At the Dec. 5 Cazenovia Village Board Meeting, Deputy Mayor Amy Mann accepted a check for $550 from National Grid and updated citizens on the progress for the village’s application to become a “Tree City USA.”

We at the Cazenovia Republican wish to applaud the efforts of Mann, the village board and the entire population of Cazenovia.

While water is one of Planet Earth’s most valuable resources, we believe trees belong at the top of the list as well. Aside from offering picturesque views, shelter from inclement weather and shade from the blistering sun, trees convert carbon dioxide into oxygen and ensure our survival by supplying the air in our lungs.

When the 11 sugar maples along Linklaen Street were removed earlier this year, residents of the street, village and town had quite a bit to say.

Yes, many of the trees were more than 100 years old and offered a certain antique-like atmosphere to the historic street.

And yes, the removal process was loud and long.

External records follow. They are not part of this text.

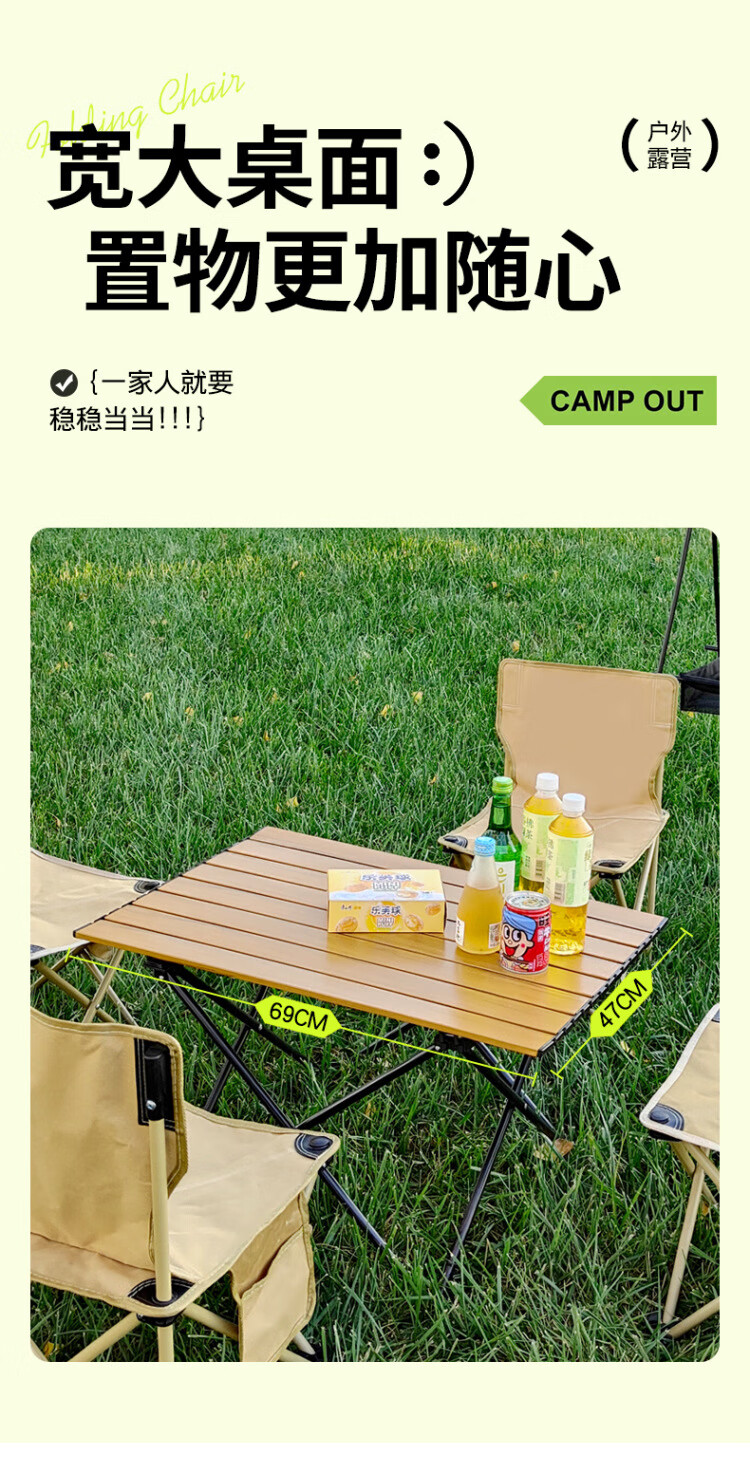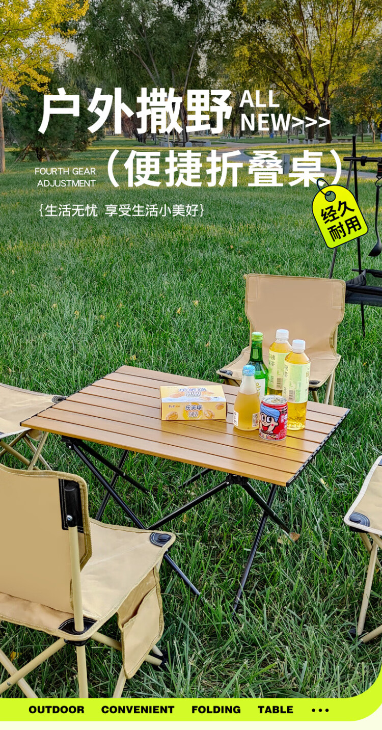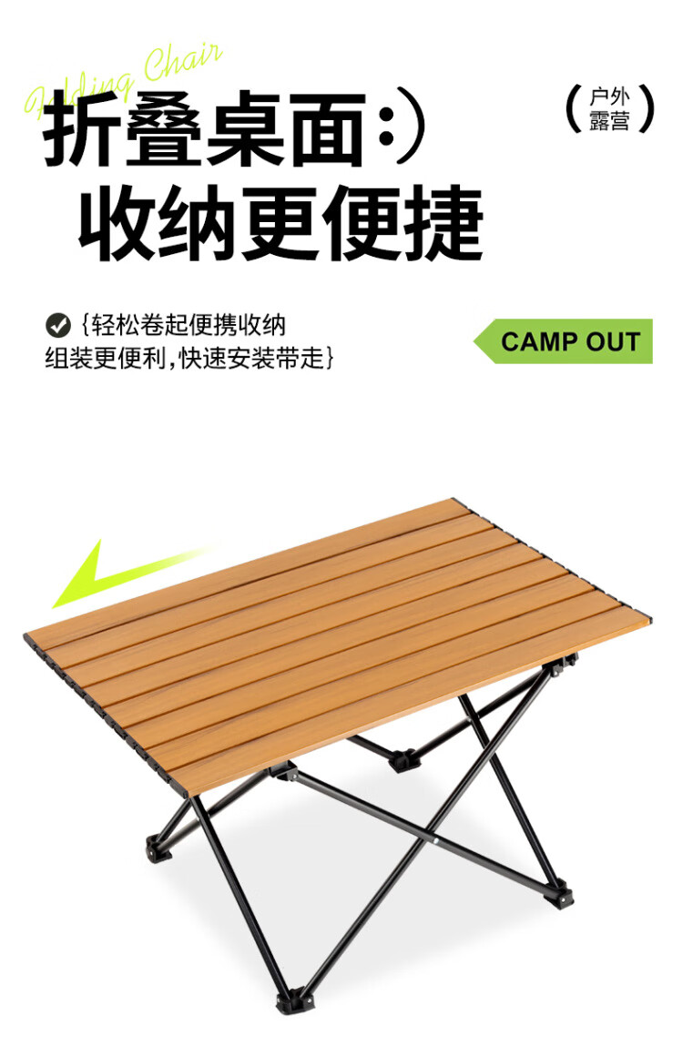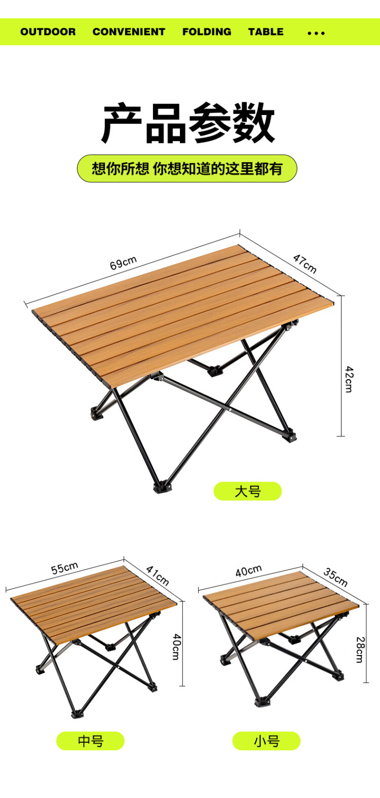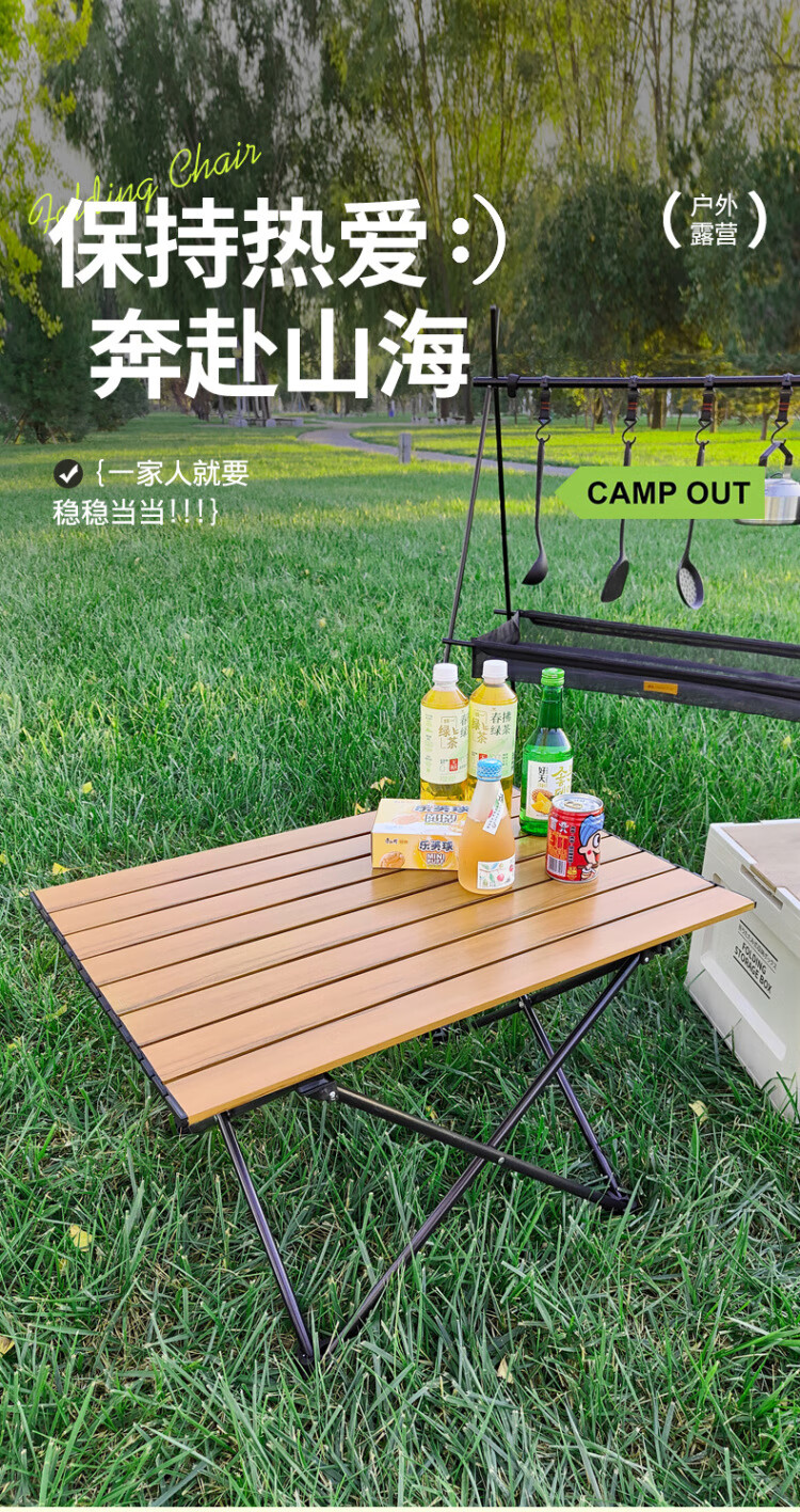 游山然户外便携折叠蛋卷桌露营野餐便携式摆摊小桌子 大号-69折叠桌-木纹色
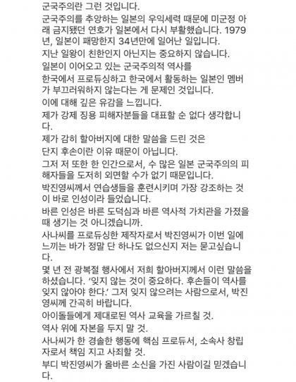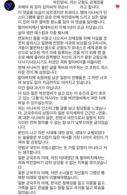 강제징용 피해자분의 손녀가 JYP인스타에 댓글 다심
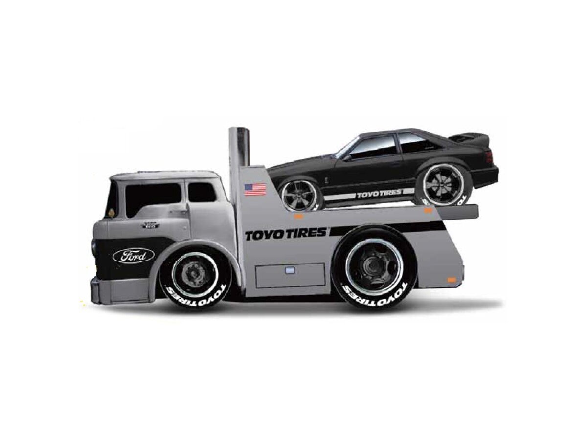 Gedetailleerd schaalmodel van de Ford C600 Flatbed 1966 + Ford Mustang Svt Cobra 1993 in schaal 1:64 en kleur zilver/zwart.

However, we feel the village made the right decision in allowing the trees to be taken down. And so did National Grid. The $550 given to the village was made available through the electric company’s 10,000 Trees and Growing program, which awards municipalities for the responsible management of trees.

Many of the sugar maples had grown dangerously close to power lines and threatened to disconnect electricity to more than 200 residents’ homes with each large storm.

Beneath the surface, the trees’ root systems had begun to affect the sidewalks and the safety of pedestrians who used them regularly.

We also consider the removal effort a success because of the immediate replanting of 11 new trees. The holes left behind by the removal of the enormous sugar maples were quickly refilled with new species of trees, which will grow in time, but not tall enough to affect the power lines above.

We thank the Village Tree Commission for making the hard decisions, and wish them luck in the Arbor Day Foundation’s review of Cazenovia’s application to become a “Tree City USA.”